Credit Card Charges And Fees Demystified

Credit card charges that might show up on your statement include fees from travelling abroad, cash withdrawals, or paying your interest and balance late.

Ruth Jackson-Kirby Published on 10 December 2020. Last updated on 18 February 2021.
Credit Card Charges And Fees Demystified

Credit card charges and fees can substantially increase your bills. There are a number of fees you need to be aware of, from penalties for late payments to charges for using your credit card abroad.

What are the charges and fees on credit cards?

There are a host of charges and fees that your credit card provider might add to your bill depending on how you use your credit card. Here’s a rundown of the most common you might encounter.

There are a host of charges and fees that your credit card provider might add to your bill depending on how you use your credit card. Here’s a rundown of the most common you might encounter.

Annual fees

If you have a premium credit card, you may be charged a monthly or annual fee in return for extra perks, such as a higher cashback rate or access to a concierge. (Read our guide to rewards credit cards for more information.)

Balance transfer fees

Credit cards that allow you to transfer a balance from another credit card often charge a balance transfer fee. This is usually a percentage of the amount you are moving onto the card. (Find out more with our guide to balance transfer cards.)

Cash withdrawal charges

Use your credit card at an ATM to withdraw money and you’ll usually be charged a cash withdrawal fee, typically a small percentage of the amount withdrawn. Also be aware that you are likely to be charged interest from the moment the money leaves the cash machine.

Charges for exceeding your credit limit

If you go over your credit card limit you will be charged a fee.

Foreign usage fees

When you take your credit card abroad you face paying extra fees when you use it. Some providers will charge you a transaction fee every time you use your card. You’ll also pay a cash withdrawal charge if you take money out using your credit card or use your credit card to buy foreign currency. You can avoid these fees if you get a credit card specifically designed for use overseas. (Find out more with our guide to travel credit cards.)

Interest

If you don’t pay off your balance in full each month, you’ll be charged interest. The amount you’ll pay will depend on your credit card deal. You may also find you pay a different interest rate depending on the type of transaction. For example, your credit card could have different interest rates for:

  • Purchases
  • Cash advances
  • Balance transfers

» MORE: Credit card interest rates

Late-payment fees

If you are late paying off your credit card balance, or you don’t at least make the minimum repayment, your credit card provider can charge you a late-payment fee. This should not be more than £12.

Money transfer fees

Some credit cards allow you to move money from your card into your current account. This can be a great way of shifting expensive overdrafts onto an interest-free credit card. But you will usually be charged a money transfer fee. This is a percentage of the amount you move into your current account. (Find out more with our guide to money transfer credit cards.)

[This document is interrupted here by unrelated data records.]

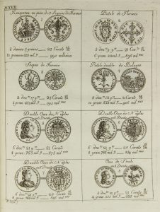 DARIER. Tableau du titre, Poids et Valeur des différentes monnoies d'or er d'argent, qui circulent dans le commerce. Avec Empreintes. Genève, chez l’auteur 1807. In-4°, demi basane (Reliure de l’époque).Titre gravé et 52 planches gravées...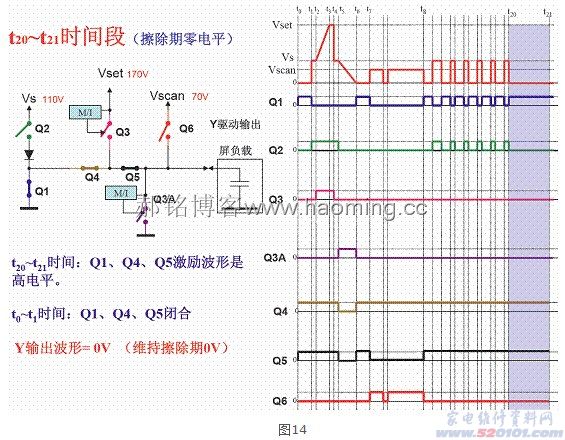 此期间;Y驱动组合开关电路工作状态如图13所示:从图13右边的 t8~t20时间阴影部分可以看出:可以看出Q4、Q5激励信号是高电平;Q4、Q5闭合导通,Q3、Q3A、Q6激励波形是低电平;Q3、Q3A、Q6断开,Q1、Q2激励信号是交替变换的方波;Q1、Q2是轮流导通;Q2导通瞬间Vs幅度的电压加到输出端,输出到屏负载的Y电极驱动波形在这个时间段为:Vs幅度的交流方波。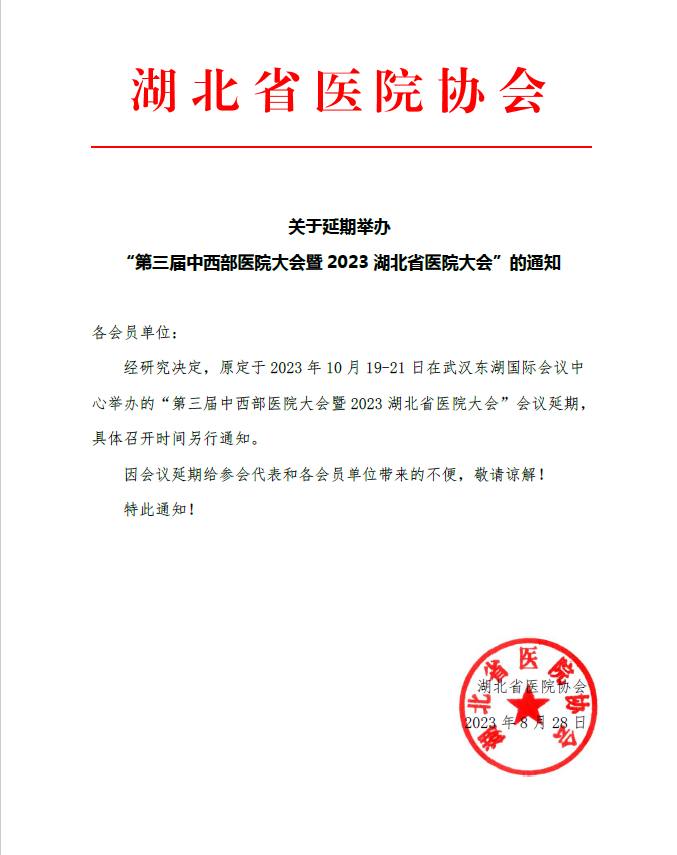 关于延期举办“第三届中西部医院大会暨2023湖北省医院大会”的通知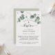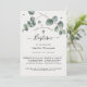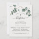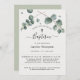 Elegante botânico Eucalipto Primeiro Sagrado Convite Comunitário. Apresenta um arranjo de folhas e folhagem de cor aquosa de eucalipto, que leva ao título em letra chic manuscrita.

Additional credit card charges

These are a few rarer fees that can also be added to your bill:

  • Additional cardholder fee: You may be charged if you ask to have another credit card issued on your account for someone else to use.
  • Card replacement fee: Some banks will charge you to replace a lost credit card.
  • Dormancy fee: Don’t use your credit card for several months and you may be charged a monthly fee.
  • Paper statement fee: You may be charged a fee if you request a paper statement rather than an electronic bill.
  • Returned payment fee: If your bank tries to take a credit card repayment and there isn’t enough money in your bank account, you may be charged a fee of up to £12.
  • Trace fee: If you move and don’t tell your credit card provider, they may charge a fee for finding you.

Where can I review the credit card charges I’m paying?

You should check your credit card statement every month to see if you’ve been charged any fees. They will all be listed with details of the type of fee and what it has cost.

Can I dispute charges and fees?

If you think you’ve been charged credit card fees incorrectly, contact your credit card provider and ask for a refund. If you're unhappy with the response you get, you can take your complaint to the Financial Ombudsman Service.